VantagePoint is a valuable trading tool for which a trader can glean clues on potential near-term price trend changes or continuation of present trends. These near-term clues provided by VantagePoint can and do give a trader a key edge.

See on the VantagePoint daily bar chart for the June e-mini S&P index that the Predicted Medium Term Crossover study shows the blue predicted 4-day exponential moving average is above the actual black 10-day simple moving average close, and both lines are trending higher, which is a near-term bullish technical signal.

The Predicted Medium Term Crossover is the predicted 4-day exponential moving average of typical prices one day ahead (P4EMA+2) crosses above or below the actual 10-day simple moving average close (A5SMA).

It’s the early technical clues such as the Predicted Medium Term Crossover, provided by VantagePoint, which are so valuable to traders in their quest for consistent trading profits.

Also see at the bottom of the daily chart for the June e-mini S&P index that VantagePoint’s Predicted Neural Index (PIndex) is also in a bullish mode, with a reading of 1.00. The PIndex is a proprietary indicator that predicts whether or not a three-day simple moving average of the typical price will be higher or lower two days in the future than it is today.

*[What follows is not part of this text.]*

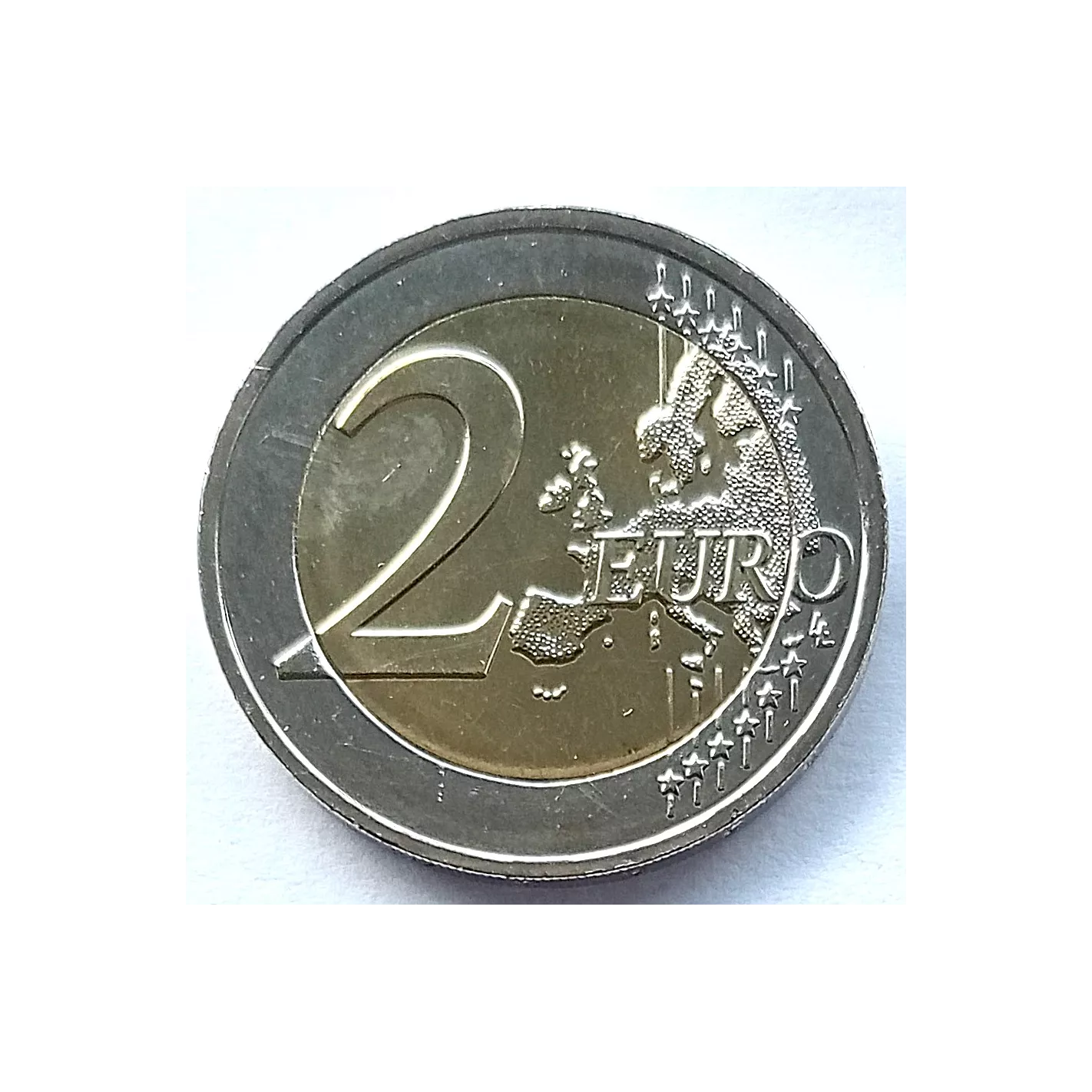 Awers: Strona europejska, wartość „2” na lewo od waluty „EURO”, przed mapą Europy w 6 pionowych liniach, dwanaście 5-ramiennych gwiazd (skierowane do góry), projektant (po prawej) „LL” (Luc Luycx)

The Predicted Neural Index compares two three-day moving averages to one another – today’s actual three-day moving average with a predicted three-day moving average.

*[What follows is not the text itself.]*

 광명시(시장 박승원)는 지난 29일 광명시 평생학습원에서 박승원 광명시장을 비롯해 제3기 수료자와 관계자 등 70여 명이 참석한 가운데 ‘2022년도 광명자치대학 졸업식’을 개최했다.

When the predicted simple three-day moving average value of typical prices is greater than today’s actual three-day moving average value, the Predicted Neural Index is “1.00,” indicating that the market is expected to move higher over the next two days. When the predicted simple three-day moving average value of typical prices is less than today’s actual three-day moving average value, the Predicted Neural Index is “0.00,” indicating the market is expected to move lower over the next two days.

The Predicted Neural Index is either correct or incorrect so its performance can be measured in terms of percent correct to produce the accuracy statistics cited for VantagePoint, which has a predictive accuracy rate of around 85% across a wide range of markets and time spans in ongoing research.